ENSAF HAIDAR: "He's bad, mentally and physically"

Ensaf Haidar is the wife of convicted Saudi Blogger Raif Badawi. In her new book she tells her unusual love story.


Photo: Michael Hübner

When you meet Ensaf Haidar, she always has her phone with her. It could be that her husband, the condemned Saudi Blogger Raif Badawi, may call her for a few minutes from his prison. These rare windows of time are precious. For a few moments she can tell him how she and the children are doing, and how the worldwide campaign for his release is running.
The whole world knows his face - Raif is the blogger who was sentenced to 1000 lashes, 10 years in prison and a heavy fine for 'insulting Islam'. In her first book Ensaf tells of her own love story and Raif's struggle for free speech and equality.
At the beginning of her relationship with Raif she also held her phone close, hoping to see the display flash with a call from him. In the beginning they had to fight for their love.
For the first two years she could only share snatched glances with Raif, because it is a serious offence in Saudi Arabia for a woman to have anything to do with a man from outside of the family, let alone speak to one on the phone. In Saudi Arabia, the honour of the family depends on the strict chastity of daughters.

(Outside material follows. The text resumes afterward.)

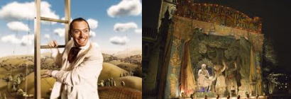 | 2007年、ロンドン。旅芸人の一座が今にも壊れそうな馬車で現れる。座長は年齢1000歳以上といわれるパルナサス博士(クリストファー・プラマー)。出し物は、人の心の中の欲望を具現化する“イマジナリウム”と呼ばれる鏡。博士に導かれて鏡を通り抜けた観客は、自分の願望を反映した幻想世界を体験できるのだ。だが、怪しげな出し物に興味を持つ客はなく、博士は何かに怯えていた。実は、かつて偉大な僧侶だった博士。悪魔のMr.ニック(トム・ウェイツ)にそそのかされて、1人の女性に恋をしたことからすべてが始まった。不死と若さを手に入れる代わりに、生まれた娘が16歳になった時、彼に差し出す約束をしてしまったのだ。そうとは知らない博士の娘ヴァレンティナ(リリー・コール)。ある日彼女は、殺されそうになっていた青年トニー(ヒース・レジャー)を助ける。記憶喪失の彼は一座に加わると、巧みな話術で女性客を惹きつけ、ヴァレンティナも彼に心奪われる。そして期限の3日前。Mr.ニックが現れ、賭けに勝てば娘を渡さなくてもいいと博士に告げる。その賭けとは、鏡の世界に入り込んだ客に、悪魔の欲望の道と節度ある博士の道を選択させて、先に5人を獲得した方が勝ちというものだった。事情を知ったトニーは、次々と女性客を鏡の中へ誘導。そして、記憶を取り戻し、自分を殺そうとした男たちの姿に気付いたトニーも鏡の中へ逃げ込む。鏡の中で客の願望を形にしたトニー(ジョニー・デップ)は、次々と客を博士の選択へ導く。しかし残り1人になったとき、トニー自身の願望を反映したトニー(ジュード・ロウ)が誘導に失敗。追っ手と悪魔に迫られ、一緒に鏡の中へと逃げ込むトニーとヴァレンティナ。すると、ヴァレンティナの願望を反映したトニー(コリン・ファレル)が彼の真の姿を現す…。期限まであとわずか、博士とヴァレンティナの運命は……? |

Women have no rights - only a male guardian (father, brother or husband) can make decisions about their lives.
Against all odds, the two fought for this forbidden love. They married against the wishes of Ensaf's family in 2002 and moved away to the City of Jeddah. They have three children - Nedschua, Dodi and Miriam. As Raif was arrested in 2012, Ensaf fled with the children and found sanctuary in Quebec, Canada. From there, she fights for his freedom and tries to give their children a normal life.

BILD interviewed the petite Ensaf:
BILD: What is currently happening with Raif?
ENSAF: "He's bad, both physically and mentally. Although he continues to believe in his cause and in justice, the circumstances in which he is caught up are unbearable. The worldwide campaign for his release gives him strength."
Does the Campaign make a difference?
ENSAF: "The signals from the Saudi Government are very contradictory. Just recently, the judgement was upheld in it's entirity. Then, we learned that they think the process should be opened again. We ourselves do not know what is going on, because the state usually does everything in secret. Usually we only learn about new developments from the media. For me and the children the campaign is vitally important, it gives us the strength to continue the fight for Raif."
Why did you write this book?
ENSAF: "Through Raif's own book people are familiar now with his work and his concerns through his blog entries. It is important now to describe Raif the man, and his family, so that he is understood as an individual personaity with a life story."